Сидор тяжело воспринимал ее слова, растерянно, в каком-то оцепенении, тупо смотрел на монитор, где появилась заставка: с обратной стороны парапета, на карнизе моста, что нависал над водой, в трусиках и туфлях на босую ногу стояла владычица кабинета. На синем фоне неба, золотом играла корона косы, и отливали шоколадным загаром обнаженная грудь.
— Но Алина... Ой, Анна Степановна... Как забыть?
—Представ себе, что это все тебе приснилось, — она прямо смотрела в его серые, слегка испуганные глаза.
— Но не приснилось! — горький ком подкатил к горлу. — Я же любил тебя, целовал твои глаза и косы...
Враз почувствовал, как коварная и надрывная слеза задрожала в голосе, и он силой воли пытается загнать как можно глубже в грудь этот горький жгучий клубок.
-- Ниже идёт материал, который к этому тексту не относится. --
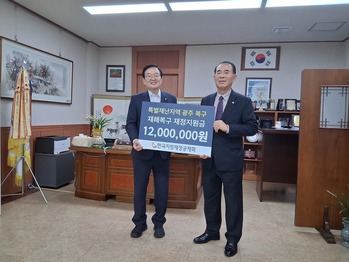 광주 북구, 한국지방재정공제회로부터 재해복구 지원금 1200만원 전달받아광주시 북구(구청장 문인)는 지난 8일 한국지방재정공제회(이사장 정선용)로부터 특별재난지역 재해복구 재정지원금 1200만 원을 전달받았다고 15일 밝혔다.이번 지원은 기록적인 집중호우로 막대한 피해를 입고 특별재난지역으로 선포된 북구의 조속한 피해 복구를 돕기 위해 마 2025-09-15 이성호 기자

— Ну, зачем ты так со мной? — прикусил губу, помолчал и продолжил. — Я же ничего о тебе не знал, а ты?.. Ты все прекрасно знала... Знала... Хуторянка!..
— Не обзывай! Может быть, и на меня нашло, и я влюбилась? А может нужно было сбросить нагрузку перед таким ответственным назначением и расслабиться?.. А может это было мое прощание со свободой и молодостью? — в голосе звучали радостные нотки, но взбаламученный Сидор этого не слышал, как и не замечал изменений на лице своего нового шефа.
— И что прикажешь теперь мне с собой сделать?
— Пойти в реку глубокую, — строкой с песни проговорила на распев.
— Ты... ты жестока и бессердечна...
— Я бы этого не сказала... Только я не смогу больше с тобой, своим подчиненным, встречаться в кафе, бегать на дискотеки...
Она посмотрела на часы, и встала с кресла.
—А теперь иди, у меня больше нет времени!
Но он, словно прирос к блестящему паркету, девушка подступила к нему, и глядя в глаза сказала:
— Ну, не горюй... Выход есть из любого положения...
— Уже слышал: пойти утопиться...
— Нет, лучший, — на блестящих от веселья глазах, под широкими, выгнутыми у висков бровями, которые капризно вздрагивали, наконец то выплеснулась та мелодия, что звучала в душе с той минуты, когда подавленный Сидор, словно на ватных ногах переступил порог кабинета.
— И какой же?
— Женится на мне!
Сидор вздрогнул.
— А теперь иди! Встретимся в субботу.
— Я умру к субботе...
— Ничего, желаннее буду! — поцеловала в губы, и едва не силой вытолкала за дверь.